That's a bullshit framing that's a bait and switch in level, which is similar to saying "well the rail barons didnt force you to use their railroads, just use other railroads LOL". If a product or service becomes so prevalent in society then certain rules and regulations apply in a fair market and the EU commission has recognized that and finally the U.S has recognized that as well. By making that argument you also implicitly admit that the "security" argument is actually bogus and not really for the user's protection otherwise they would see no problem in granting an escape hatch for power users, but they don't do that because it's not about security an it never was.

[0] https://techcrunch.com/2024/03/21/doj-calls-apples-privacy-j...


Security is a consideration, but ultimately it's a design decision for the product. Companies can generally make design decisions for their products as they see fit. Apple is no more obliged to provide the escape hatch you describe for the iPhone, than Zojirushi is obliged to let me to change the song that plays when I press the start button.


> Companies can generally make design decisions for their products as they see fit. Apple is no more obliged to provide the escape hatch you describe for the iPhone, than Zojirushi is obliged to let me to change the song that plays when I press the start button.

That's not true, if those "design decisions" are anti-competitive in nature then they are absolutely not allowed to do that, that's what the EU commission is fixing with the DMA and now the U.S. is suing Apple too.


I guess this would be relevant if Apple had a monopoly in the phone market.


I wouldn't want it, but I can see both Apple and heads of a lot of IT departments loving the concept of a locked-down MacOS.

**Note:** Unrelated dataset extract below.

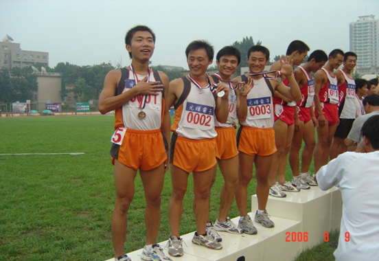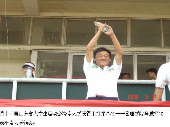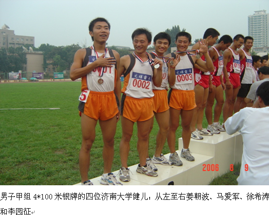 7、山东省第十二届大学生运动会管理学院马爱军获得男子甲组4*100米接力第二名,4*400米接力第八名,3000米障碍第七名。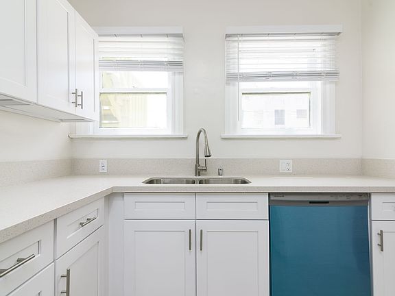The spacious living room welcomes you with French-style windows, a faux fireplace, and a large closet. The brand-new kitchen boasts sleek white cabinetry, white stone countertops, and a full suite of stainless-steel appliancesperfect for cooking and entertaining.

That's a completely different scenario and those IT departments already have their own mechanisms of enforcing lockdowns, they wouldn't want others to impose lockdowns on them (the administrators) too. For devs, such an Apple imposed lockdown on MacOS would destroy the Macbook's popularity, since it would regress and turn into a glorified ipad.


A locked-down MacOS would be awful but at least you’d still have Linux (thanks Asahi).

With an iPhone you are stuck with whatever new decision from Apple with no opt-out. That’s abnormal.

See, I’d be ok to say that Apple can do whatever they want with iOS the day they give me the keys to the boot loader. Until then, they’ll have to assume their role of gatekeeper.

I have no issues with walled gardens as long as you’ve got the key to leave. Here the key to leave is called "throw your $1000 phone to buy another".


That the iPhone is a general-purpose computer is an implementation detail, not a product feature or guarantee.


> heads of a lot of IT departments loving the concept of a locked-down MacOS

And Airport security loves invasive search - why do people understand one is a violation of privacy, but tolerate the other?


I don’t carry my MacBook around with me everywhere I go, though, so it’s different.


For some people in the world the iphone is the only general purpose computing device they own, so it is even more important that they aren't artificially constrained so Apple can milk users with absurd fees while citing bogus reasons as justification.

Just look at cases where governments abuse Apple's power over users to squash protests and delete important Apps from the Appstore. Without competing Appstores users are left at the mercy of a trillion dollar company which cares about profits and profits only. Not being able to freely install apps from any source the owner of the computing device prefers is outrageous and we can only thank the EU commission for recognizing that.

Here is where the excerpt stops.